Their work to bring about the end of the British slave trade took decades to enact. Horrifying as it may be to consider now, abolition of slavery was a controversial issue, and many Britons argued that the kidnapping and selling of human beings was a perfectly moral practice which they believed to be supported by holy scripture even as Christians such as Wilberforce, Clarkson, and Equiano were driven by the Christian faith to work to end slavery. And while Parliament ended the slave trade in 1807, it wasn't 1834, a year after Wilberforce died, before slavery itself was abolished in the British Empire — compensating slave owners to the tune of £2.5 billion in present day currency, and requiring slaves to continue to work for their former owners for six more years as 'apprentices'.


Abolition was a long and complex journey, and one which offers very little scope for national self-congratulation. And it is in that complexity that Wilberforce, Clarkson, and Equiano's faith may have been most important — for our Christian faith does more than teach us a moral code (both St Paul and many thoughtful atheists both agree that moral law is not the sole province of the Divine). Our faith gives us the persistent courage and hope which enables us to strive for justice over long years wandering through in the wilderness. We don't expect easy victories and quick journeys; we know we will get things terribly wrong, that we will be tempted to worship our own privileges and safety, that we will compromise where we should insist, dig in when we should compromise, and whitter that division is worse than injustice even as we turn against one another. But we persist, we repent, and again and again when we are lost we seek out the Good Shepherd whose love is perfect freedom.
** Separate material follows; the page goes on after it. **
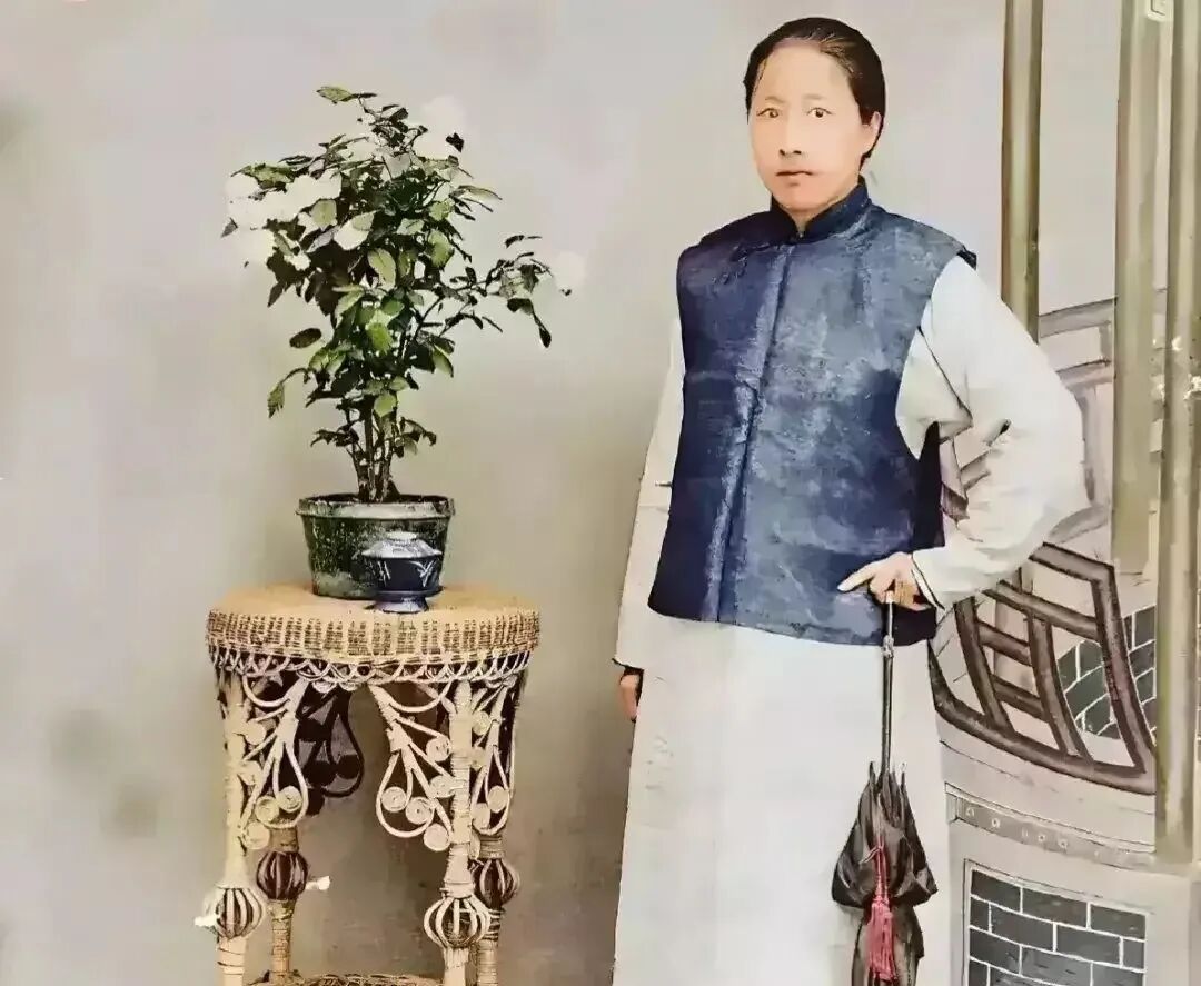 1907年,秋瑾站在摄像机前,留下了她生前的最后一张照片,她穿着长袍马褂,手里紧紧握着一把雨伞。她的眼神坚定而果敢,仿佛在向世界展示她的勇气和决心。这张照片让人们看到了一个坚强、无畏的女性形象,而这张照片拍摄后不久,秋瑾就参与了安庆起义,最终她被清军处决于浙江绍兴轩亭口。

God our deliverer, who sent your Son Jesus Christ to set your people free from the slavery of sin: grant that, as your servant William Wilberforce toiled against the sin of slavery, so we may bring compassion to all and work for the freedom of all the children of God; through Jesus Christ your Son our Lord, who is alive and reigns with you, in the unity of the Holy Spirit, one God, now and for ever. Amen.